(What to produce)
Every line from the one holding "I got an extra" to the end of the entries should be repeated exactly, with the pictures left out.

(Supplied entries)
____

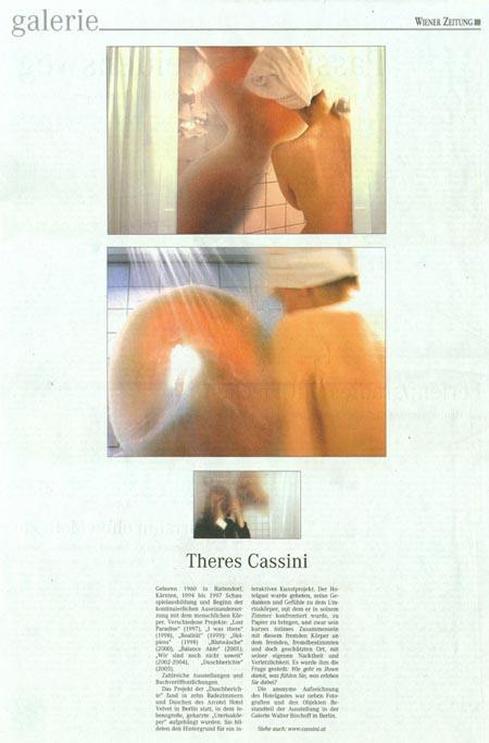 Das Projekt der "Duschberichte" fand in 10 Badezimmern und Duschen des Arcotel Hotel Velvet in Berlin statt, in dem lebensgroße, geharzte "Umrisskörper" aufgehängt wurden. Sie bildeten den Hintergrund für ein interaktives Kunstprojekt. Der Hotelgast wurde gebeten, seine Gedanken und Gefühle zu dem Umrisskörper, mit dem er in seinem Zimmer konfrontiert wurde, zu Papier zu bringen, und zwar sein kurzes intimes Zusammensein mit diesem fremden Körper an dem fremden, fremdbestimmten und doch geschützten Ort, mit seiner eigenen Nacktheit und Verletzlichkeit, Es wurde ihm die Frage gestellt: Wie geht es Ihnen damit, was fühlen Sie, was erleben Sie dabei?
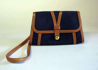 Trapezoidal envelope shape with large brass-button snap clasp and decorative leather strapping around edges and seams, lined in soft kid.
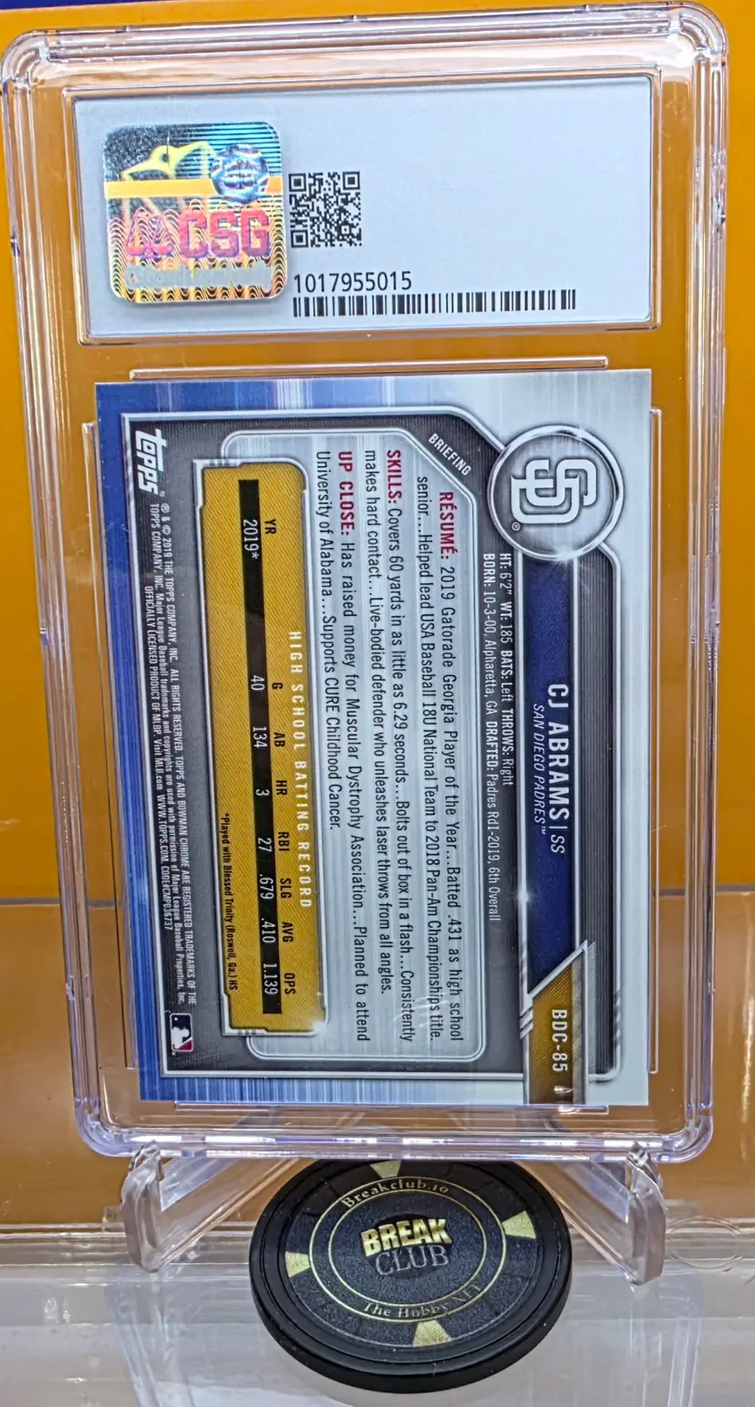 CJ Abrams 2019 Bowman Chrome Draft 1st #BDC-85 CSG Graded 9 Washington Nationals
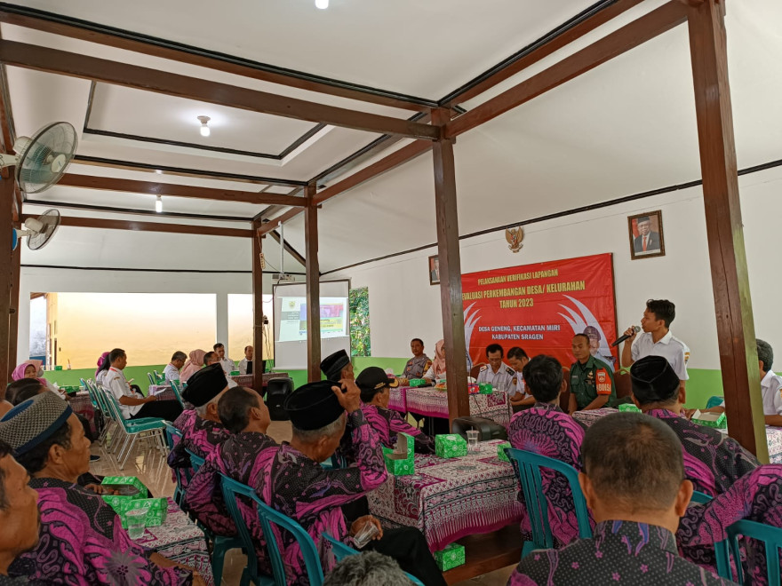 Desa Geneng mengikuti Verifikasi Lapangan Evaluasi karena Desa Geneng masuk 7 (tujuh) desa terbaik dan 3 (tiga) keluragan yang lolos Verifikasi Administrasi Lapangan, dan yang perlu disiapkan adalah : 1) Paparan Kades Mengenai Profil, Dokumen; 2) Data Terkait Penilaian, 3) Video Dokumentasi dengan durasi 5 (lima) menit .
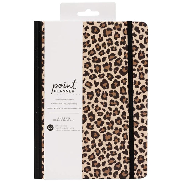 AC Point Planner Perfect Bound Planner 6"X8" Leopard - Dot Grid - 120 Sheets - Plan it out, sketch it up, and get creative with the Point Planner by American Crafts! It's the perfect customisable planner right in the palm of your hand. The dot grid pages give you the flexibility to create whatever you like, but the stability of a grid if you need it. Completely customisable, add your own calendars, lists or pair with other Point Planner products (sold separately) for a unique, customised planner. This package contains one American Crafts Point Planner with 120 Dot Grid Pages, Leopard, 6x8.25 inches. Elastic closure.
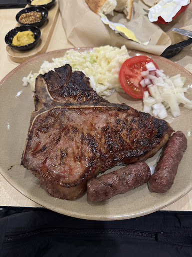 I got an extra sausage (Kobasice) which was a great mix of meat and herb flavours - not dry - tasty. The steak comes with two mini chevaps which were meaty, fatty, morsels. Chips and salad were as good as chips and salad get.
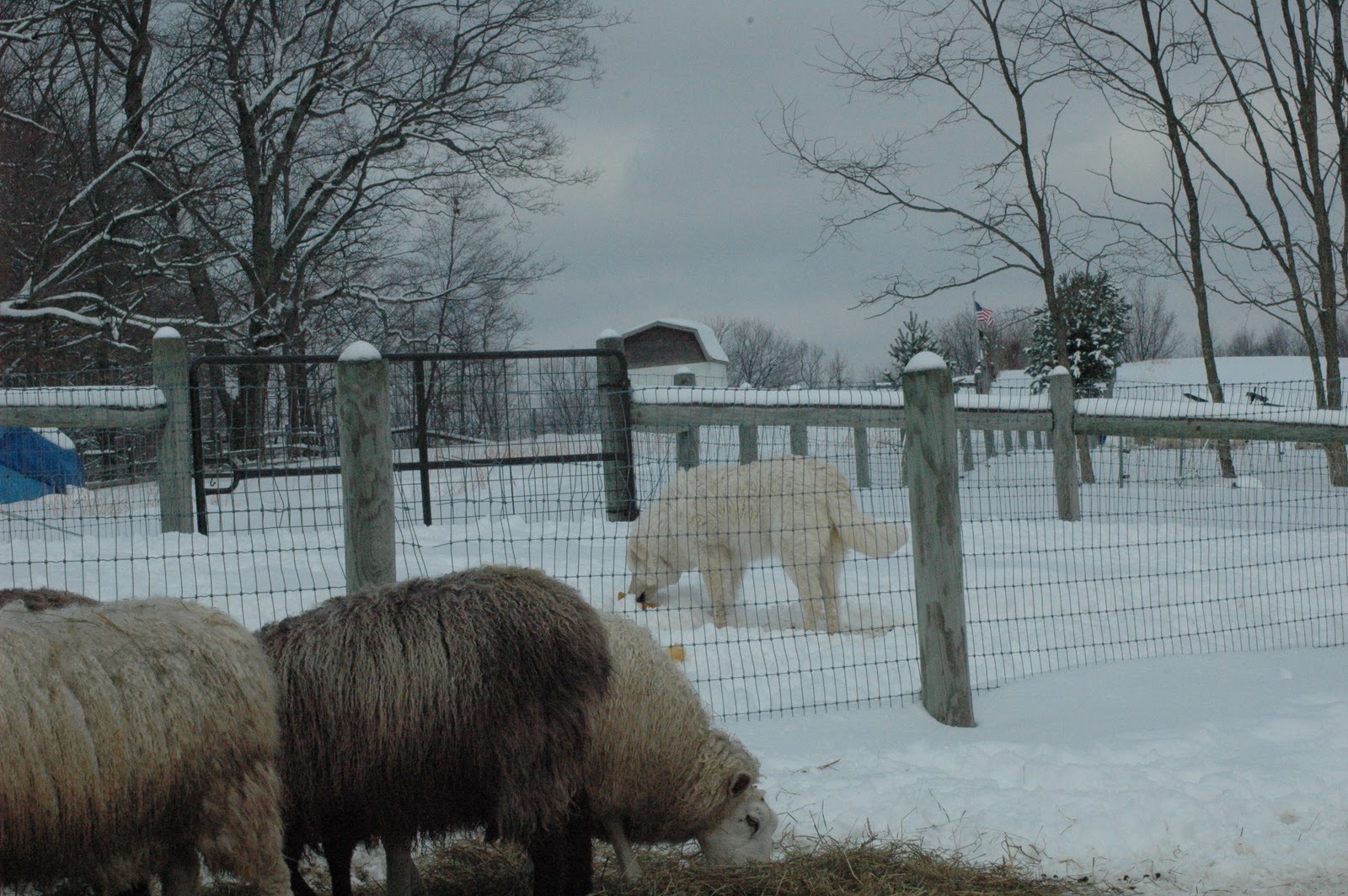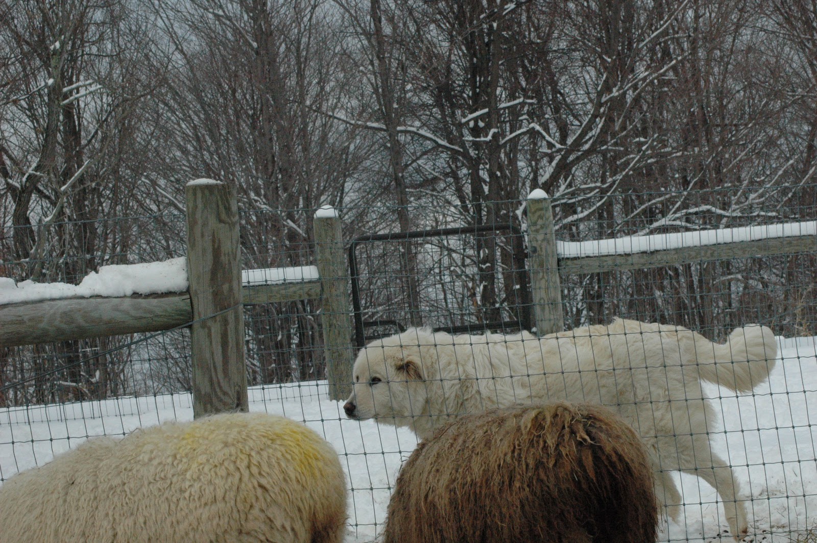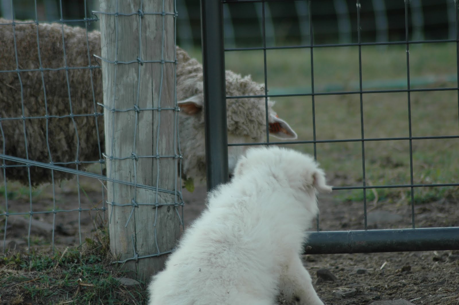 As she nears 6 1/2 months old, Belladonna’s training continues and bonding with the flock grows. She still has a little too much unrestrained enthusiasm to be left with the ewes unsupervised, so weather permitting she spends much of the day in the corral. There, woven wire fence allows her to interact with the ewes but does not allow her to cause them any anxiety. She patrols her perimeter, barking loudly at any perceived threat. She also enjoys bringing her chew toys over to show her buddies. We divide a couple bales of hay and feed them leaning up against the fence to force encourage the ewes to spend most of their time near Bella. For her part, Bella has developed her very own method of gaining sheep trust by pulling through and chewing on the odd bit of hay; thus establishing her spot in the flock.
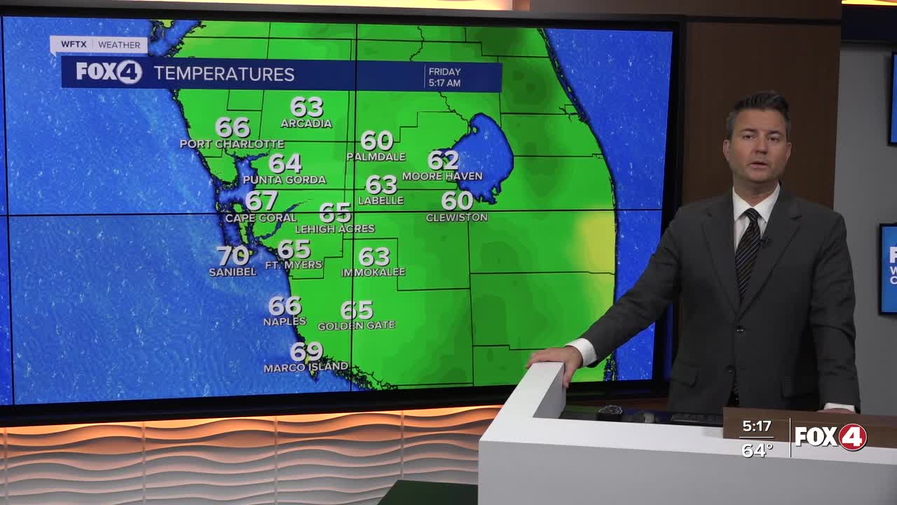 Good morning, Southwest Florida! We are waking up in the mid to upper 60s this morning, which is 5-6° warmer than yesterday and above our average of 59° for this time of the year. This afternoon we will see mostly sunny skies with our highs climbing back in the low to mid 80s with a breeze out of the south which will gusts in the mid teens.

____

(Solution)
 I got an extra sausage (Kobasice) which was a great mix of meat and herb flavours - not dry - tasty. The steak comes with two mini chevaps which were meaty, fatty, morsels. Chips and salad were as good as chips and salad get.
 As she nears 6 1/2 months old, Belladonna’s training continues and bonding with the flock grows. She still has a little too much unrestrained enthusiasm to be left with the ewes unsupervised, so weather permitting she spends much of the day in the corral. There, woven wire fence allows her to interact with the ewes but does not allow her to cause them any anxiety. She patrols her perimeter, barking loudly at any perceived threat. She also enjoys bringing her chew toys over to show her buddies. We divide a couple bales of hay and feed them leaning up against the fence to force encourage the ewes to spend most of their time near Bella. For her part, Bella has developed her very own method of gaining sheep trust by pulling through and chewing on the odd bit of hay; thus establishing her spot in the flock.
 Good morning, Southwest Florida! We are waking up in the mid to upper 60s this morning, which is 5-6° warmer than yesterday and above our average of 59° for this time of the year. This afternoon we will see mostly sunny skies with our highs climbing back in the low to mid 80s with a breeze out of the south which will gusts in the mid teens.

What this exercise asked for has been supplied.